WEF article:
Superstonk discussion:
https://old.reddit.com/r/Superstonk/comments/xaqh66/world_economic_forum_is_talking_about_gamestop/
"How do you lose $19 billion on a stock that hasn't been worth over that except for during the sneeze where shorts didn't cover [close]? If it has been $19 billion just to play their price manipulation mini-game to keep their bets alive, what will the cost be when they finally lose?"
GME Research: http://gmedd.com/
19 billion so far.......
Correct
It costs us nothing to hodl,everyday they don't close costs them tons of money in borrowing and shorting.
Let’s see, let my money sit vulnerably in a savings account of a corrupt bank, or instead invest it GME shares, directly with Computershare instead of a shady middle-man broker.
Uh no, it still costs us something in terms of lost opportunity costs having money locked up in shares and missing out on other opportunities on the side. Plus as living expenses keep climbing and this drags on your going to start seeing apes wondering more and more if they're going to have to start selling shares to pay the bills.

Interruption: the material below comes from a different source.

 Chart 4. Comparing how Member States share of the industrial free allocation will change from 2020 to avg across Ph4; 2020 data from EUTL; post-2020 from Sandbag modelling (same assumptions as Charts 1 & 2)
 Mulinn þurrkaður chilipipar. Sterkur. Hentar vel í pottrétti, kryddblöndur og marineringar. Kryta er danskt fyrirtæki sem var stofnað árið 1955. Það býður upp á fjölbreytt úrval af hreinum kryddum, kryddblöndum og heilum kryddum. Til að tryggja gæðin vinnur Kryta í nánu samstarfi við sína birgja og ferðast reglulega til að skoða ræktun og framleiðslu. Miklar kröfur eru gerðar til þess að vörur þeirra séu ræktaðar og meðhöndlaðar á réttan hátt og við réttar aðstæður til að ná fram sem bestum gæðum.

Your assuming I would invest in something else. I had tens of thousands of dollers just sitting in my checking acc,prior to this.

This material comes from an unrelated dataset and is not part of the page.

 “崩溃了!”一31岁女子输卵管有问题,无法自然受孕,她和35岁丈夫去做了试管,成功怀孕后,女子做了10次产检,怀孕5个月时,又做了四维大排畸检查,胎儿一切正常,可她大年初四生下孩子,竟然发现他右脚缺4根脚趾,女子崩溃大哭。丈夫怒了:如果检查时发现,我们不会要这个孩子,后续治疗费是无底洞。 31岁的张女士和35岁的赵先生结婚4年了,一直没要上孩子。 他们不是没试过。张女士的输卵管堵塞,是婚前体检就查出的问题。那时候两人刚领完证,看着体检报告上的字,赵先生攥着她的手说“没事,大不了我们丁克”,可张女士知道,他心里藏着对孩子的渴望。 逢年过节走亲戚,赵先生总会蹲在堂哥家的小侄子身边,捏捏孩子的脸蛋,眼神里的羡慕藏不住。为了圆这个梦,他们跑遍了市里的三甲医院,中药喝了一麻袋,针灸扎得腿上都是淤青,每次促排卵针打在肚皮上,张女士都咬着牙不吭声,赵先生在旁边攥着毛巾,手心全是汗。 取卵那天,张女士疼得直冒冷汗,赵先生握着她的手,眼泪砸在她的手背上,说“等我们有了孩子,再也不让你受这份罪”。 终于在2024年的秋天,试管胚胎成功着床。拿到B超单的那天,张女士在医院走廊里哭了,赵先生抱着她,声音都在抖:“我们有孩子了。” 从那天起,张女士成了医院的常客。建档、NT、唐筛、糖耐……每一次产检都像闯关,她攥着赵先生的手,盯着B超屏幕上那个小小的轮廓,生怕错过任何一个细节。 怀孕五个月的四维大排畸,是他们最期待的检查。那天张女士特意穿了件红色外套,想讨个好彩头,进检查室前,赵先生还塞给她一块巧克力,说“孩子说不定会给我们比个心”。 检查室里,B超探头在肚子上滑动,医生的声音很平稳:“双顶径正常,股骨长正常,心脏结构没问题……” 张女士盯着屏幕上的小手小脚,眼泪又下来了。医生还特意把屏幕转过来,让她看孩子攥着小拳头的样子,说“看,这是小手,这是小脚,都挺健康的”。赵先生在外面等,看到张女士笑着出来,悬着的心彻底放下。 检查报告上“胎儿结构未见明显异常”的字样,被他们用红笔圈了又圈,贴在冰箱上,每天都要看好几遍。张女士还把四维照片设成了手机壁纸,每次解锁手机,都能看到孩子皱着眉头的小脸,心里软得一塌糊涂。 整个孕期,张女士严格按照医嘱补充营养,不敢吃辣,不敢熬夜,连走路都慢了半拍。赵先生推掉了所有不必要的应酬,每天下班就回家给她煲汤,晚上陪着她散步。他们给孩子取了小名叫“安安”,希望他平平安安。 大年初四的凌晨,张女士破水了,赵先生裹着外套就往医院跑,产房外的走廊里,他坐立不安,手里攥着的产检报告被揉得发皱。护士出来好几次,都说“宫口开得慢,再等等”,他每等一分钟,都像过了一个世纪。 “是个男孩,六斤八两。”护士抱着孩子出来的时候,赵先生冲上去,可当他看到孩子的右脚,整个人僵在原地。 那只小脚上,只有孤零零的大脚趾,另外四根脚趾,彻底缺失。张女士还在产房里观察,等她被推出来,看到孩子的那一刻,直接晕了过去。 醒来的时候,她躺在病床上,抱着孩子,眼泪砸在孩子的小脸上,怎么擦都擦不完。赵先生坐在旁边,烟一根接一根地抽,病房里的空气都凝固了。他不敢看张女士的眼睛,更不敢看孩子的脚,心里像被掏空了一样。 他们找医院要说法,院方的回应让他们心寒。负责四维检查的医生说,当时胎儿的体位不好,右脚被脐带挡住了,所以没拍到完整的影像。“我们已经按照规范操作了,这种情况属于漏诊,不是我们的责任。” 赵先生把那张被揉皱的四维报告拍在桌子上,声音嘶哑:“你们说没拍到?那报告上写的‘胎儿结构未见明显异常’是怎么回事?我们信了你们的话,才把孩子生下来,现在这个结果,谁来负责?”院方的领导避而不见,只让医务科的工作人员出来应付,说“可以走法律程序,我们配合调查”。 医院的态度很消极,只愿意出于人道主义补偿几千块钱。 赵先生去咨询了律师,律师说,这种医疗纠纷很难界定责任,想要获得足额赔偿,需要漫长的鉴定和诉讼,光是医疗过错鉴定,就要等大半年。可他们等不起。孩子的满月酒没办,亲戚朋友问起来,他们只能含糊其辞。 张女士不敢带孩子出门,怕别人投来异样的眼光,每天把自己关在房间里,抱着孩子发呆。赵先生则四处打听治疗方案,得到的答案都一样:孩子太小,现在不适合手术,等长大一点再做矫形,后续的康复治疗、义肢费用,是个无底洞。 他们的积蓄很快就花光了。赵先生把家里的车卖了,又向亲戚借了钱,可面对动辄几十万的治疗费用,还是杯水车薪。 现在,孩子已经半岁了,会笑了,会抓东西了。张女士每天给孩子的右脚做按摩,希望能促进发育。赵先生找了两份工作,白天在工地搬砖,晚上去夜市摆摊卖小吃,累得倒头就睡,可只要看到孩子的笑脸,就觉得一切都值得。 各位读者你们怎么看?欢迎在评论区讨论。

Apes don't sell shares to pay bills,they get a part time job behind the wendys dumpster instead.......
That is the "reported loss". There may be paper losses that have not yet been "marked to market"
WEF answer to "Is the meme stock craze over?"
The forgot to mention the divident split,30 is actual 120.
Correct. People just getting into it now don't realize that there was a 4:1 split that was issued in the form of a dividend. The way this was done was quite interesting in and of itself and should wake people up.